Records from a data source
/---

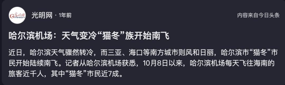 东北人“猫”在海南岛,南方人勇闯哈尔滨。
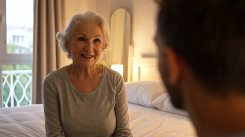 ☀️ Sunrise, daytime, soft lighting, side light, rim light, medium close-up, centered composition, warm tones. An elderly Caucasian woman sits on a white bed, wearing a gray cotton top. Her neatly brushed white wavy hair frames a gentle smile and kind eyes as she gazes softly in the direction of the camera, speaking with her son whose blurred silhouette appears on the right side of the frame. Sunlight streams through beige curtains, casting soft highlights on the bedsheets and walls. A white wrought iron window guard subtly outlines the window, enhancing the cozy and serene atmosphere. The camera focuses on the woman's upper body, with a softly blurred background to emphasize her emotional presence and the intimacy of the environment.
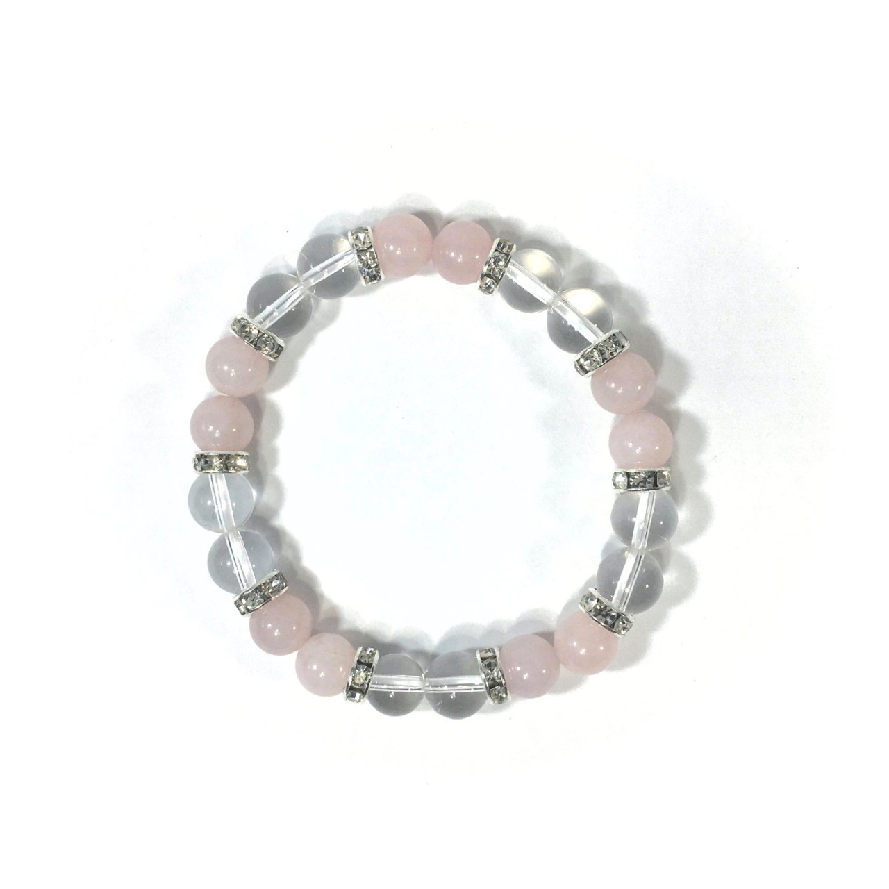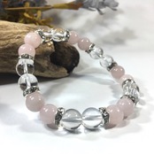 こちらは、8mm玉のローズクォーツと水晶を使ったパワーストーンブレスレットです。シンプルなデザインでどんなコーディネートにも合わせやすいデザインに仕上げています。サイズは内周約15cmです。気になる方は是非この機会にどうぞ。
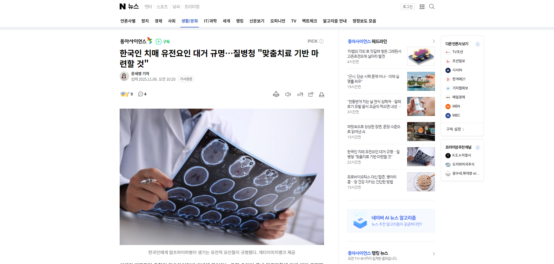 연구를 주도한 서상원 성균관대 의대 교수는 “임상 진단 중심의 기존 연구에서 벗어나 병리적 바이오마커(PET)와 유전체 정보를 결합해 알츠하이머병의 생물학적 기전을 직접 확인했다는 점에서 큰 의미가 있다”며 “이번 연구가 정밀한 위험 예측과 맞춤 치료의 기반이 될 것”이라고 말했다.
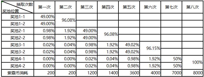 *【概率说明】:此表为默认每次抽到最高概率道具时的概率,如若第一次抽到奖池2-1道具,因抽奖获得道具将不再重复获得,则第二次实际抽奖概率与图中描述第二次概率不同,抽到高奖池道具概率会相应提高。
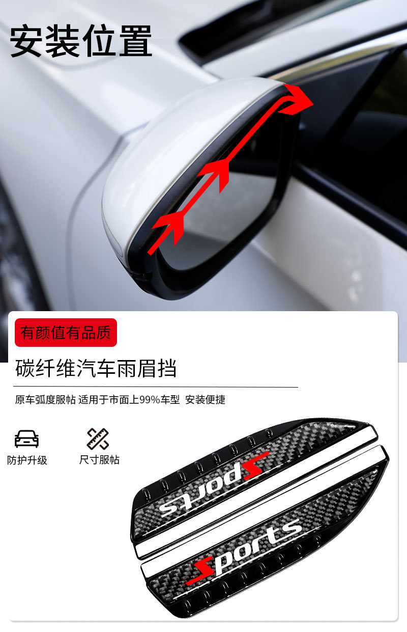 폭발성 자동차 탄소섬유 백미러 비 눈썹 블록 개조 범용 자동차 백미러 비 패치 전용 크로스 보더스토어 가기
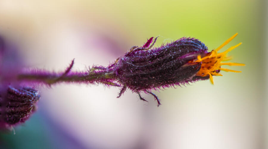 В комнатных условиях наибольшее распространение получила гинура оранжевая. Листья и побеги этого эффектного растения покрыты фиолетовыми ворсинками, от чего при ярком освещении кустик выглядит как бархатный. Именно этот вид называют фиолетовым бархатом, или бархатным цветком.
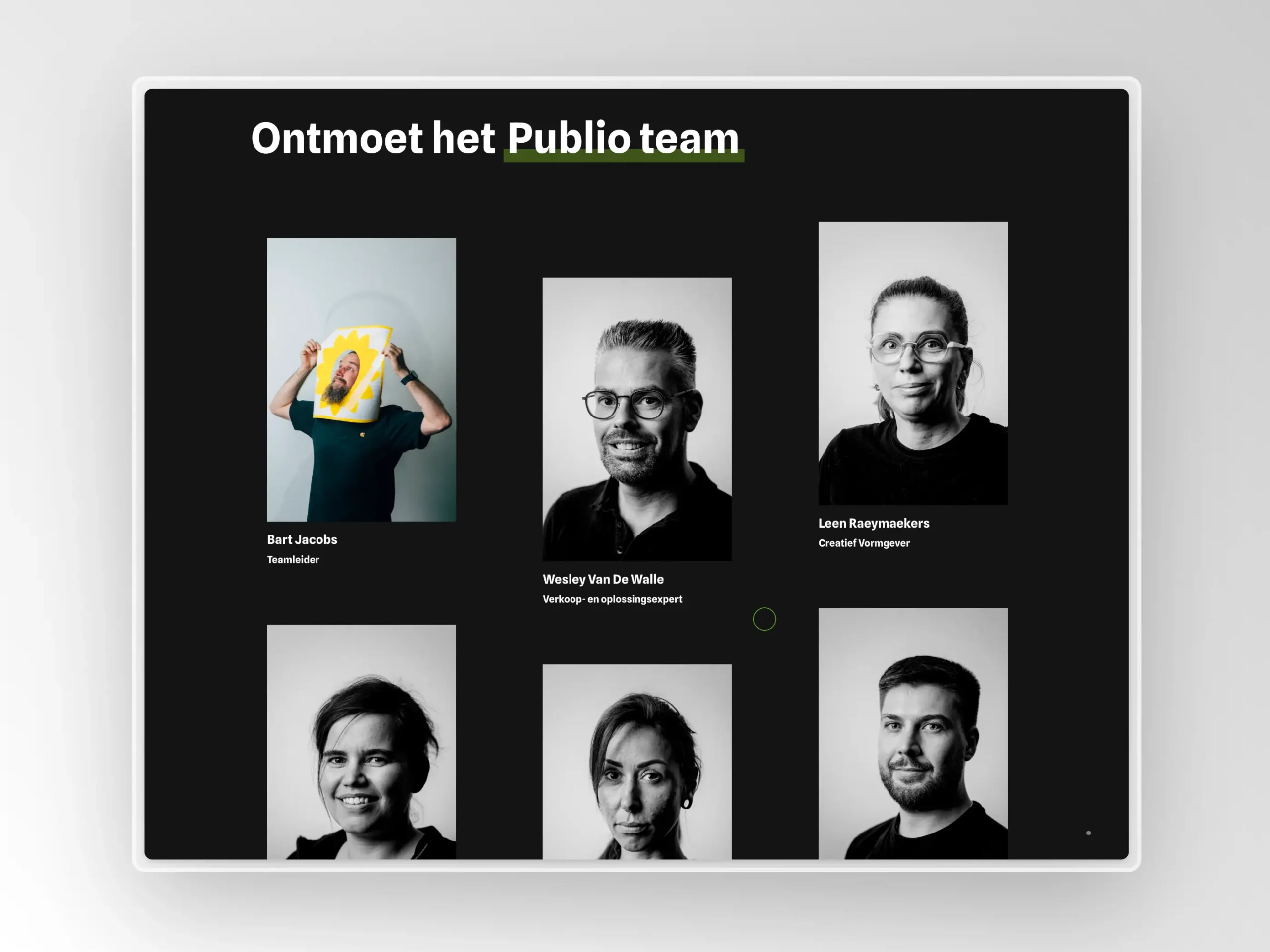 Publio wou opvallen tussen alle ‘normale’ sites van concurrenten. Door een unieke homepage op te bouwen, heb je meteen een andere ‘binnenkomer’. Als je hovered over de diensten, krijg je ook een foto te zien. Dit hebben we custom gecoded voor Publio.

\---

What you will do ▸
Nothing but the lines from the one with "こちらは、8mm玉のローズク" up to and including the one with "В комнатных условиях" should be printed, exactly as they read above. Please keep the pictures out.

Output ▸
 こちらは、8mm玉のローズクォーツと水晶を使ったパワーストーンブレスレットです。シンプルなデザインでどんなコーディネートにも合わせやすいデザインに仕上げています。サイズは内周約15cmです。気になる方は是非この機会にどうぞ。
 연구를 주도한 서상원 성균관대 의대 교수는 “임상 진단 중심의 기존 연구에서 벗어나 병리적 바이오마커(PET)와 유전체 정보를 결합해 알츠하이머병의 생물학적 기전을 직접 확인했다는 점에서 큰 의미가 있다”며 “이번 연구가 정밀한 위험 예측과 맞춤 치료의 기반이 될 것”이라고 말했다.
 *【概率说明】:此表为默认每次抽到最高概率道具时的概率,如若第一次抽到奖池2-1道具,因抽奖获得道具将不再重复获得,则第二次实际抽奖概率与图中描述第二次概率不同,抽到高奖池道具概率会相应提高。
 폭발성 자동차 탄소섬유 백미러 비 눈썹 블록 개조 범용 자동차 백미러 비 패치 전용 크로스 보더스토어 가기
 В комнатных условиях наибольшее распространение получила гинура оранжевая. Листья и побеги этого эффектного растения покрыты фиолетовыми ворсинками, от чего при ярком освещении кустик выглядит как бархатный. Именно этот вид называют фиолетовым бархатом, или бархатным цветком.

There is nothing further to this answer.